I think you're missing his bigger insight, that is, building a social graph is a fundamentally asocial act. And that extends to creating taxonomies, even if they are localized to my concept of socializing. Nobody goes to a party to create a taxonomy.
Being social is all about disorganization, spontaneity, creativity, breaking out of all the stupid taxonomies that we impose on other people and have imposed on us. Trying to organize socialization to the extent that a "social graph" can be created is a profoundly sociopathic act. To push this task on users so that they do all the shoeboxing and tagging and linking, all in the name of "fun," requires some coercive force. It is no surprise that many Facebook users say that they don't really enjoy using it, but they have to. Part of that was the site's smart choice to maintain real names, so that you are always fretting about your online appearance. It's not a "perfectly synced representation of reality," but it is presented as such, almost like your own personal Wikipedia page, and by the laws of social anxiety you are compelled to check up on it! Shoebox, tag, link...
The line about Facebook rarely producing creative or original material really hit home for me. 4chan and SA are creative because they are fundamentally disorganized, and this freedom produces real moments of brilliance (and plenty more of profound stupidity). Facebook and its ilk are like corporate jobs disguised as consumer web products. You are constantly being shuffled from box to box, task to task, and the blinders have to be tightened ever so constantly to keep you from realizing why what you are doing really never will be "fun" in the way that a raucous party is fun.
About those blinders: those are in a big way the "privacy options" that every social network touts. Maciej points out, and I think that it's a salient point, that if everybody was able to see the whole social graph, it would dissolve. That alone should suggest that the social graph is an unnatural concept. Yet there is somebody, the owner of the social network, that can indeed see the entire graph, and there is a whole level of misdirection that they must apply to make this seem completely normal.
Again, maciej said most of this better than I could, so I'm glad he did.
> Being social is all about disorganization, spontaneity, creativity, breaking out of all the stupid taxonomies that we impose on other people and have imposed on us.
That is a very euro-centric, post-modernist way of thinking.
What are caste system if not social?
What are far-flung familial relations if not social?
A definition of being "social" which only applies to societies where friendship is paramount, and friends come and go with ease is too limiting and leads you to solutions that can be awkward in other societies.
For example, in my country, we care deeply about family and ancestory--so much so that in every generation one member of the family is nominated to be the "memory keeper" (sorry, there's no translatable word) who keeps track of the geneology of everyone, and is expected at a glance to determine if a stranger is at least vaguely related to us.
Would a free form social graph be useful to us---not really. Our facebook pages are practically 90% family members, 10% people who through marriage will become family members.
> That is a very euro-centric, post-modernist way of thinking.

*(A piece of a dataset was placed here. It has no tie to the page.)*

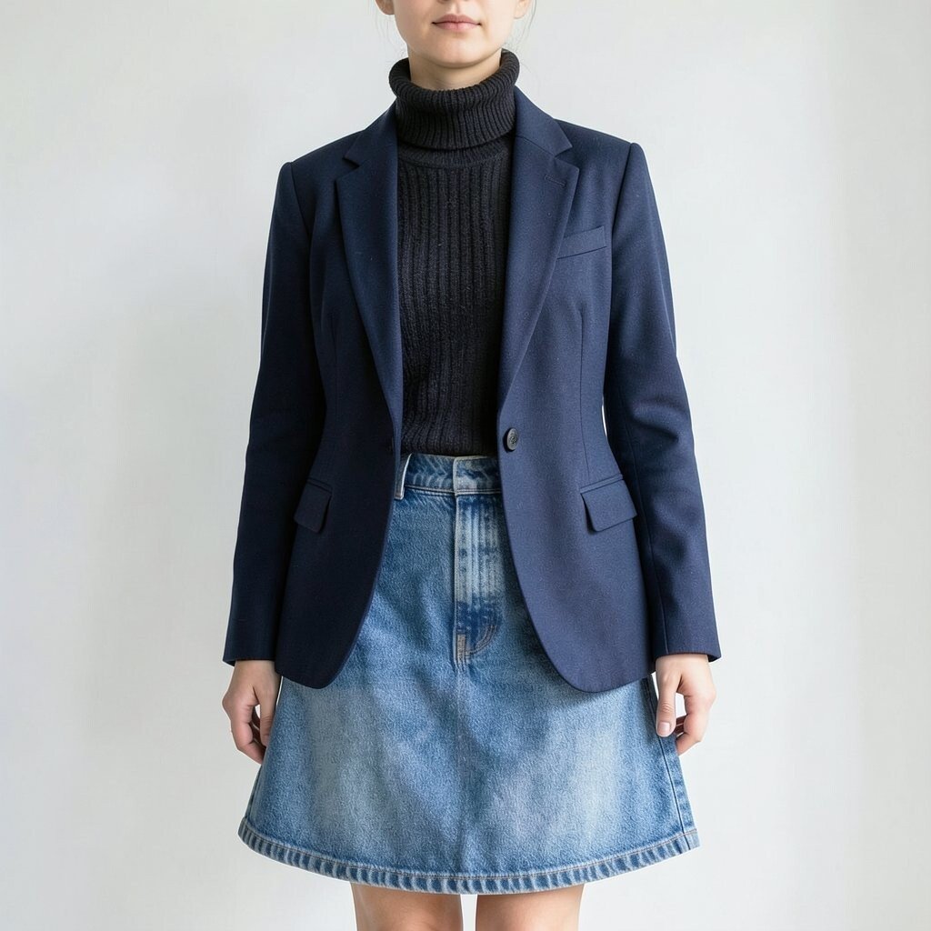 Layering a turtleneck under a smart blazer can transform your denim skirt into a sophisticated winter look. The turtleneck keeps you warm, and the blazer adds a touch of elegance.

You're right, even the way I defined "social" is too limited. But that irony only helps my point. You cannot define social, but this is precisely what the "social graph" is attempting to do. As soon as you create a definition, people react to it and oftentimes rebel against it. And then you are right back to the drawing board.
I agree with you but that doesn't make the creation of social graphs a waste of time right? It just means the market has a lot of niches for different types of graph that each provide limited and specific value.
It's not about creating perfect Platonic models. It's about making cool things that people find useful. If you are trying to design a system that scaled to every single possible interaction from scratch then you've already failed, you can't compete with reality at that one.
Being social is all about disorganization, spontaneity, creativity, breaking out of all the stupid taxonomies that we impose on other people and have imposed on us. Trying to organize socialization to the extent that a "social graph" can be created is a profoundly sociopathic act. To push this task on users so that they do all the shoeboxing and tagging and linking, all in the name of "fun," requires some coercive force. It is no surprise that many Facebook users say that they don't really enjoy using it, but they have to. Part of that was the site's smart choice to maintain real names, so that you are always fretting about your online appearance. It's not a "perfectly synced representation of reality," but it is presented as such, almost like your own personal Wikipedia page, and by the laws of social anxiety you are compelled to check up on it! Shoebox, tag, link...
The line about Facebook rarely producing creative or original material really hit home for me. 4chan and SA are creative because they are fundamentally disorganized, and this freedom produces real moments of brilliance (and plenty more of profound stupidity). Facebook and its ilk are like corporate jobs disguised as consumer web products. You are constantly being shuffled from box to box, task to task, and the blinders have to be tightened ever so constantly to keep you from realizing why what you are doing really never will be "fun" in the way that a raucous party is fun.
About those blinders: those are in a big way the "privacy options" that every social network touts. Maciej points out, and I think that it's a salient point, that if everybody was able to see the whole social graph, it would dissolve. That alone should suggest that the social graph is an unnatural concept. Yet there is somebody, the owner of the social network, that can indeed see the entire graph, and there is a whole level of misdirection that they must apply to make this seem completely normal.
Again, maciej said most of this better than I could, so I'm glad he did.